Surface the same data in the Data Lake operator dashboard alongside warehouse SQL queries.

Cost considerations

Federated Vector Search calls hit your Databricks Vector Search endpoint — usage shows up in your Databricks bill, not Factory's. Rough orders of magnitude:

  • Direct Access index: ~$0.0001 per query (mostly serving compute)
  • Delta Sync index: same query cost + the standing sync compute (varies by source table churn)

If you don't want every Assistant chat to hit Databricks, scope the tool to specific agents (Step 2 — uncheck enabled_for_assistants) so only intentional flows trigger federated retrieval.

Troubleshooting

Tool registers but every call returns 0 results The textColumn value is wrong — verify the column actually contains text in Databricks: SELECT <textColumn> FROM main.knowledge.product_specs_idx LIMIT 5. Also confirm the index is READY (not still building).

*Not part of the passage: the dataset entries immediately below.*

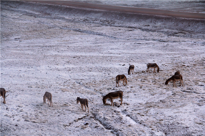 发现雪地里野驴在吃食
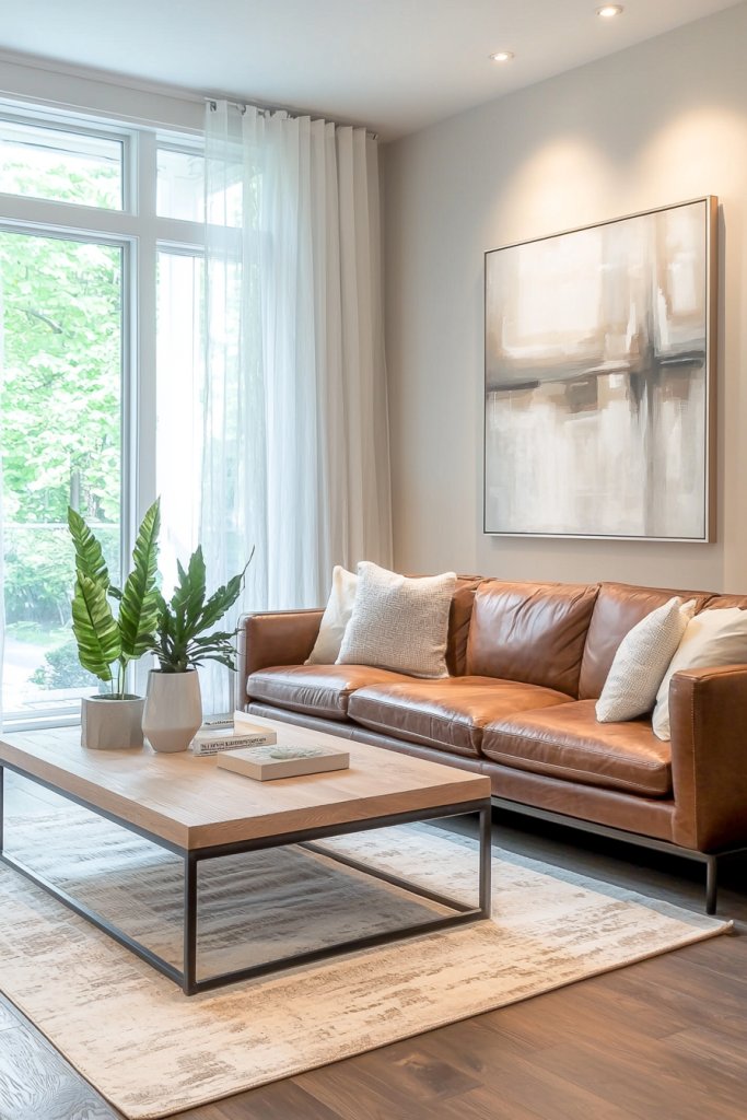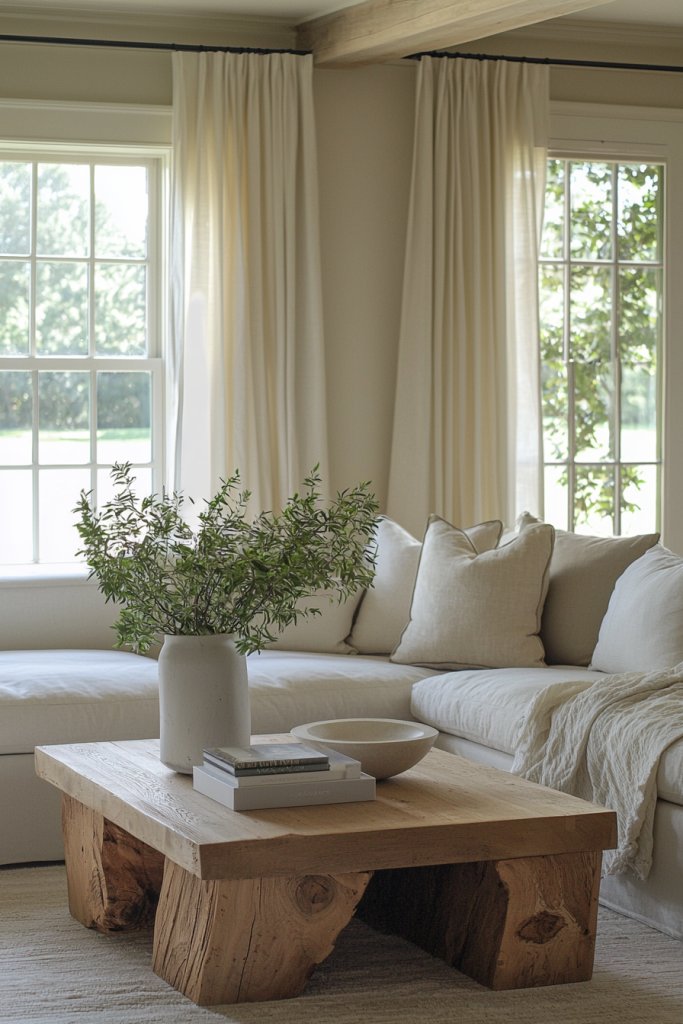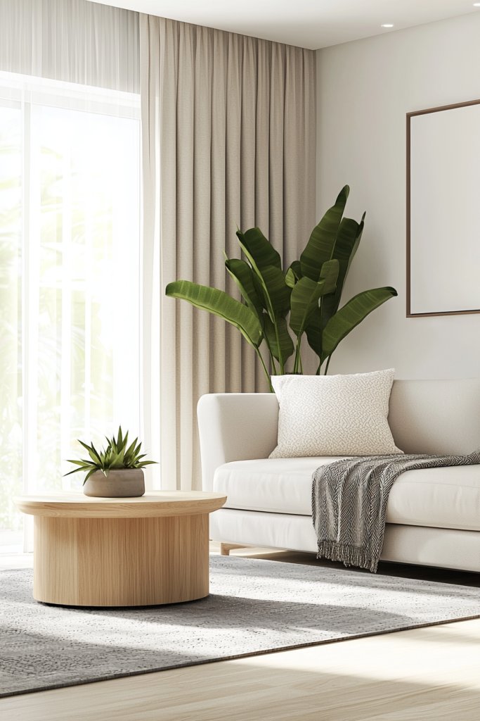 Incorporate creamy wood finishes for furniture, like a light oak coffee table or a whitewashed bookshelf, to enhance the serene vibe. Add layers with varying textures—perhaps a knitted throw paired with smooth leather.
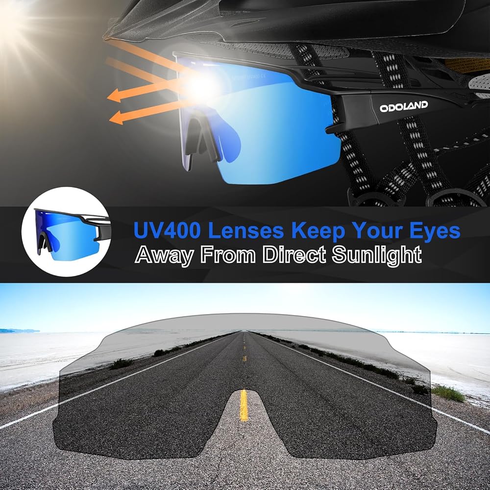 【Reliable Material】Odoland bike helmet is made of high-quality polycarbonate shell and high-density EPS foam with impact-resistant structure to protect your head at all times.The cycling goggles are made of high quality PC material with UV protection to protect your eyes.
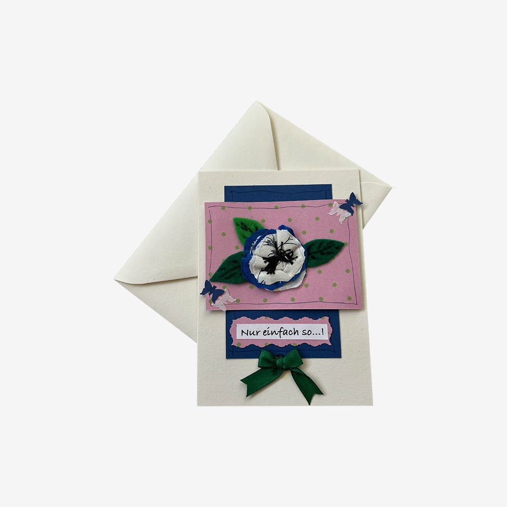 Auf einer DIN A6 Doppelkarte creme ist ein 7 x 11 cm grosses Rechteck aus dunkelblauem Tonpapier aufgeklebt. Ein kleineres 7 x 9,6 cm grosses Stück aus rosa Tonkarton mit Tupfen klebt auf der oberen Kartehälfte. Verziert ist dieses mit einer Stoffrose und drei Blättchen aus dünnem hell- u. dunkelgrünem Filz. Vier Schmetterlinge aus dem dunkelblauen und einem weissem Tonpapier sind mit dem Motivlocher ausgestanzt. Zwei von jeder Farbe sind auf die rechts obere und links untere Ecke geklebt. Eine grüne Schleife aus Satinband dient als Zierde. Auf dem mit der Zierrandschere aus getupften Tonkarton geschnittenen Textstreifen ein weisses Papier mit dem Aufdruck "Nur einfach so...!".
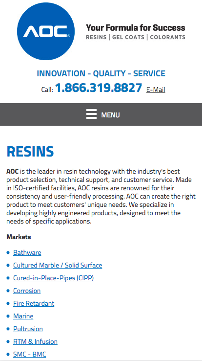 With more than 50 years of industry leadership, AOC knows technology, lives quality and delivers service better than any other resin supplier.
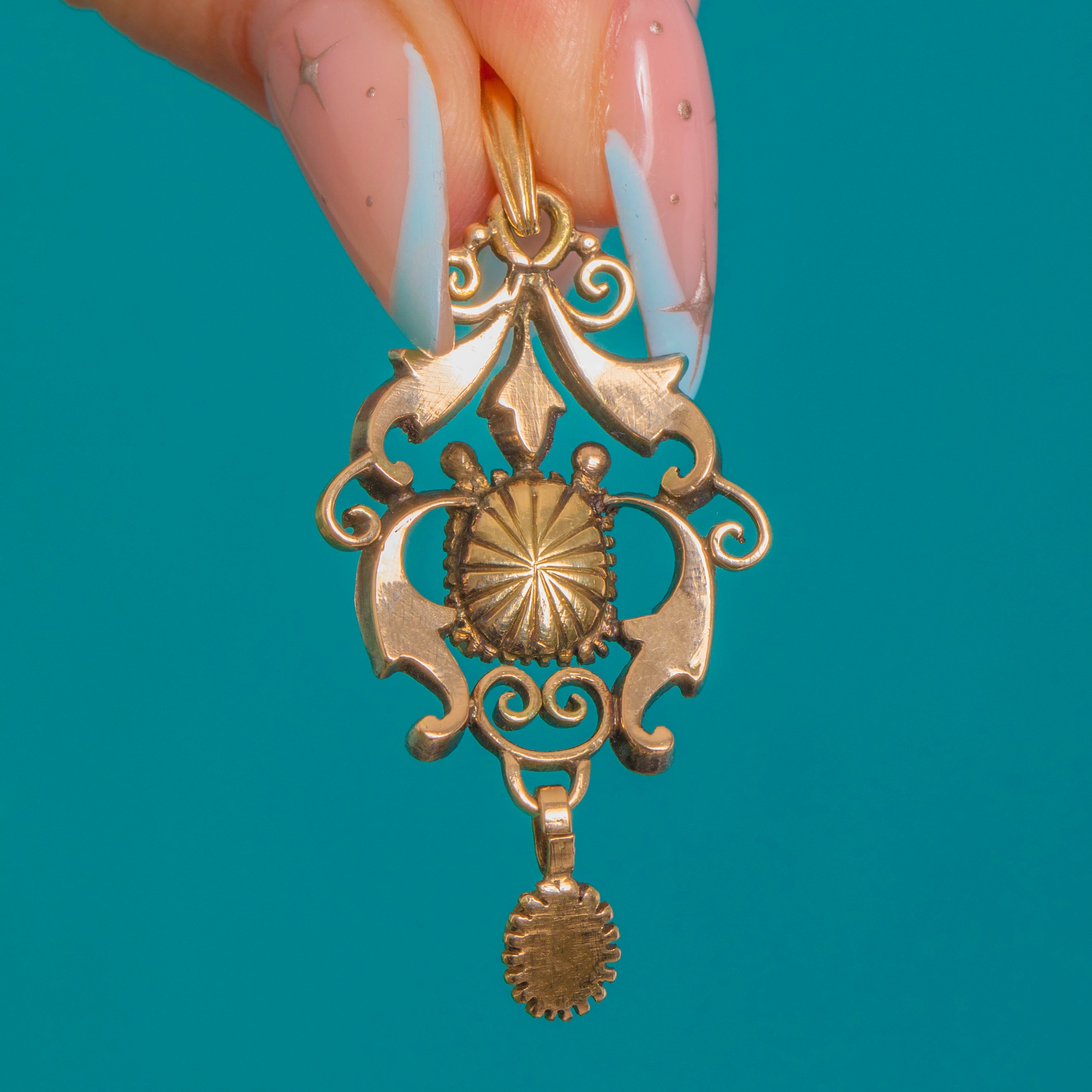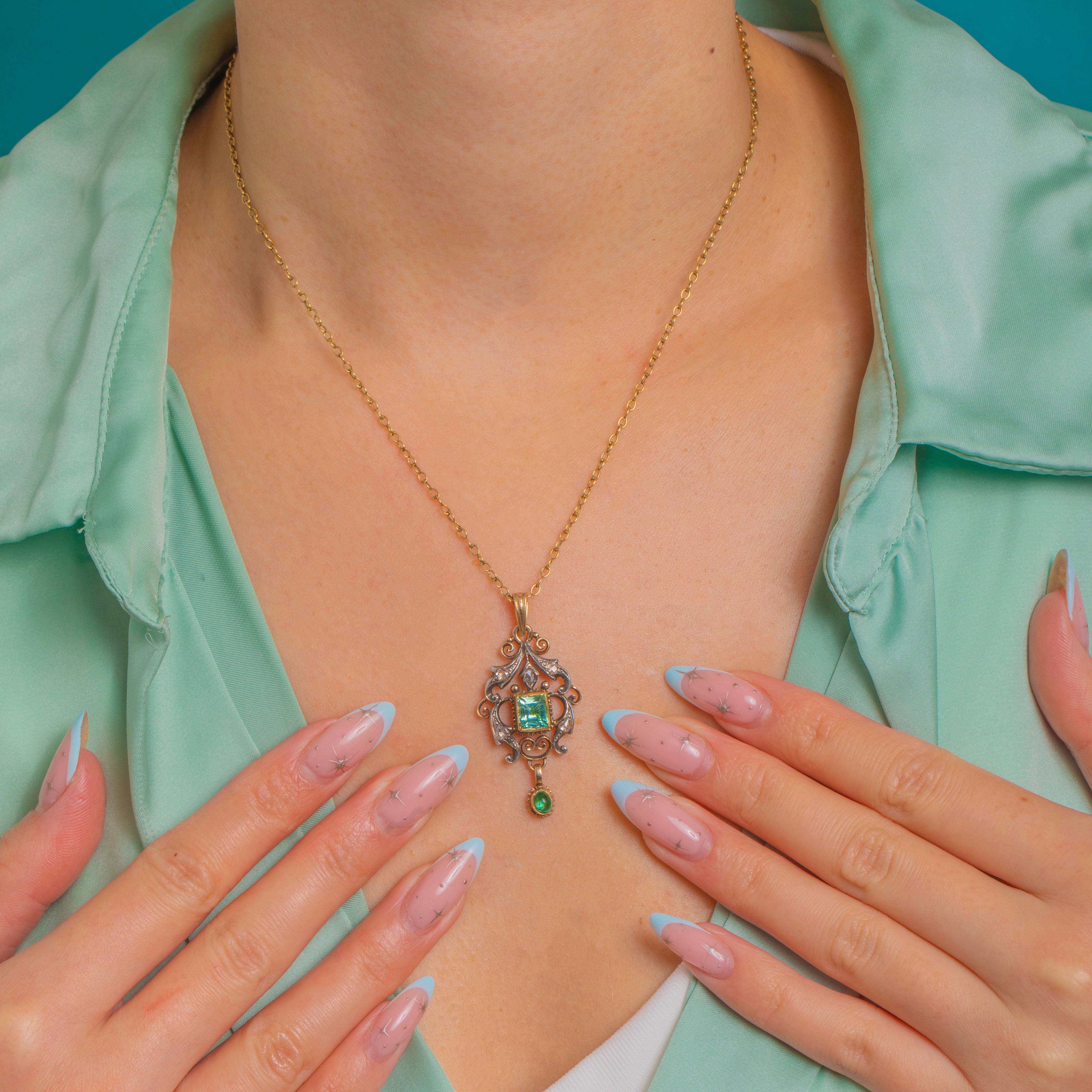 Romantic and ornate, this Victorian pendant showcases a vivid green Emerald at its heart, framed by twinkling rose-cut Diamonds within an openwork cartouche of foliate C-scrolls. The Silver-topped settings create a beautiful two-tone contrast against the warm 15ct Gold back and bail, with delicate beaded detailing and softly aged patina enhancing its antique allure.
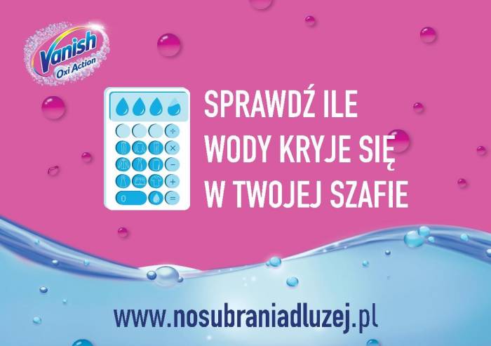 Dużą rolę w temacie troski o planetę odgrywają codzienne, zwykłe wybory dotyczące zakupów ubrań, ich pielęgnacji czy wreszcie „długości ich życia”. Okazuje się bowiem, że niewiele z nas zdaje sobie sprawę ile wody kryją w sobie ubrania, które zalegają w naszych szafach. Wystarczy sięgnąć do kalkulatora śladu wodnego www.vanish.pl/nosubraniadluzej, aby przekonać się, że do produkcji 1 t-shirtu potrzeba ok. 2 500 litrów, a para jeansów to już znacznie ok. 6 727 litrów. Jest zatem oczywiste, że w każdej szafie kryją się tysiące litrów wody, której nie dostrzegamy oddając się szaleństwu zakupów.
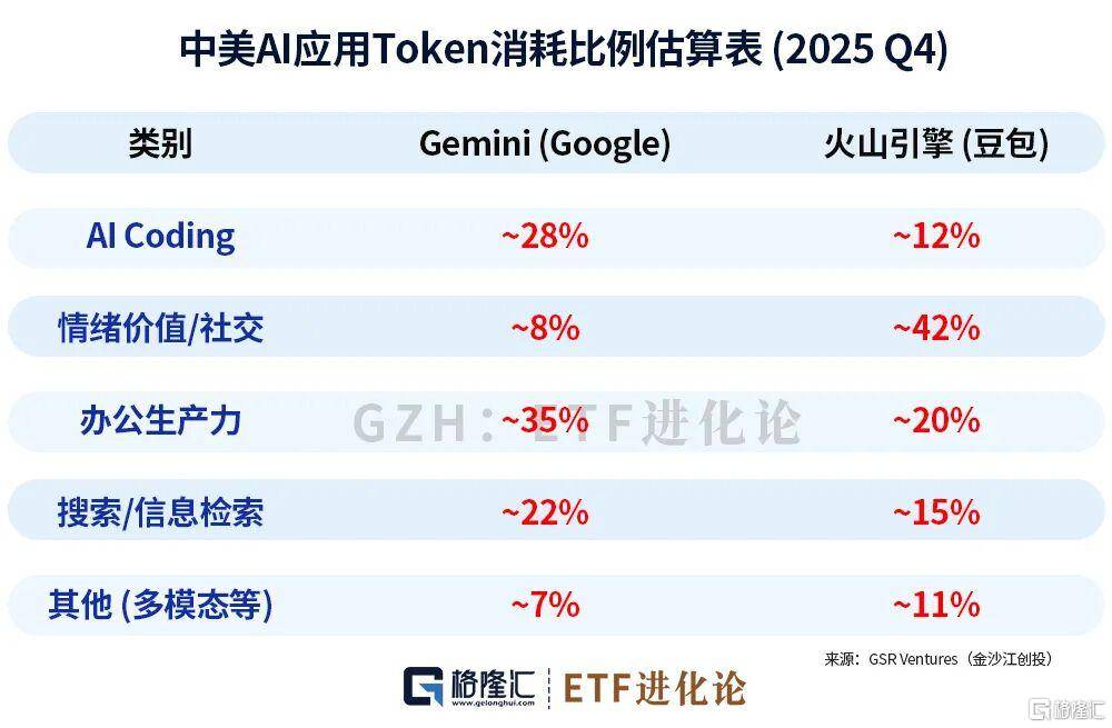 数(shu)据显示,豆包占比最高token范例,近一半消(xiao)耗于感情价值/交际运用,而Gemini占比最高的35%token消(xiao)耗是办公和临盆力。
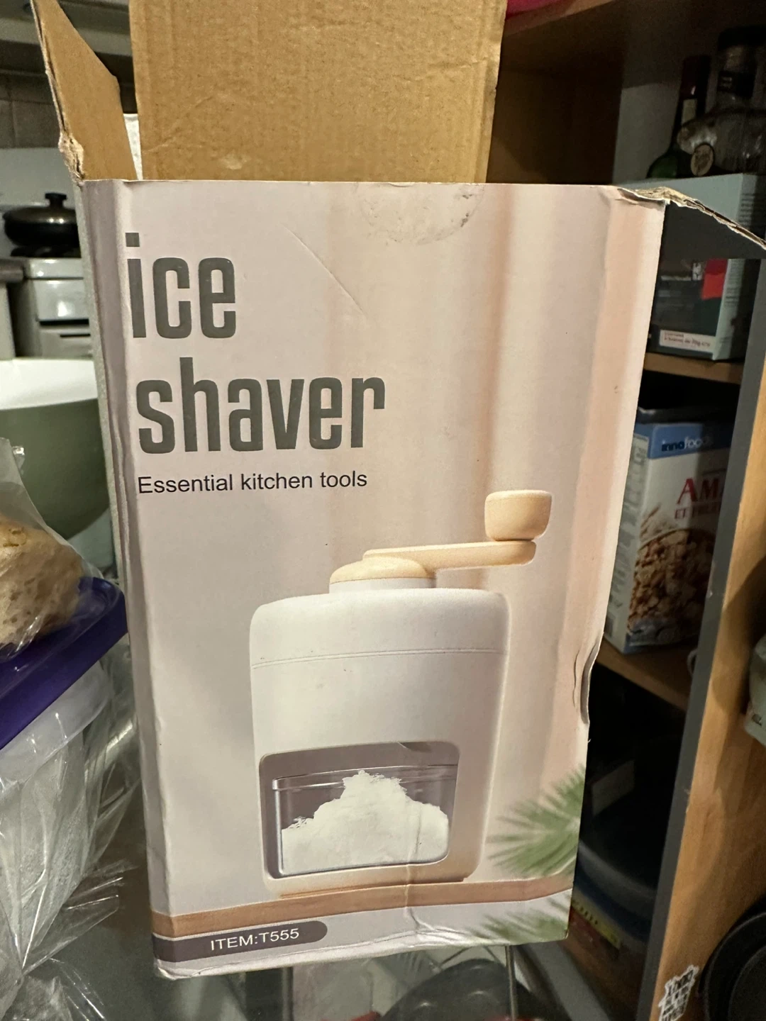 I'm selling an Inno Goods ice shaver! It's an essential kitchen tool for making shaved ice at home. It appears to be in great condition and comes with its original box. It's model number T555. Perfect for summer treats!

AUTH_FAILED on every call The warehouse connection's PAT lacks Vector Search privileges. In Databricks, grant the PAT user USE CATALOG + USE SCHEMA + SELECT on the index's catalog/schema. Re-test the warehouse connection (the vector index reuses its credentials — no separate test step).

Hits come back but citations show no url The index doesn't have a url column, or you didn't include it in returnColumns at registration. Re-register with the corrected returnColumns list.

Latency > 2 seconds per call Either the index is on a serverless endpoint that's cold-started, or the num_results is too high for the embedding model. Lower num_results to 5 (default) and confirm the endpoint type in Databricks. For consistent latency, switch to a provisioned serving endpoint.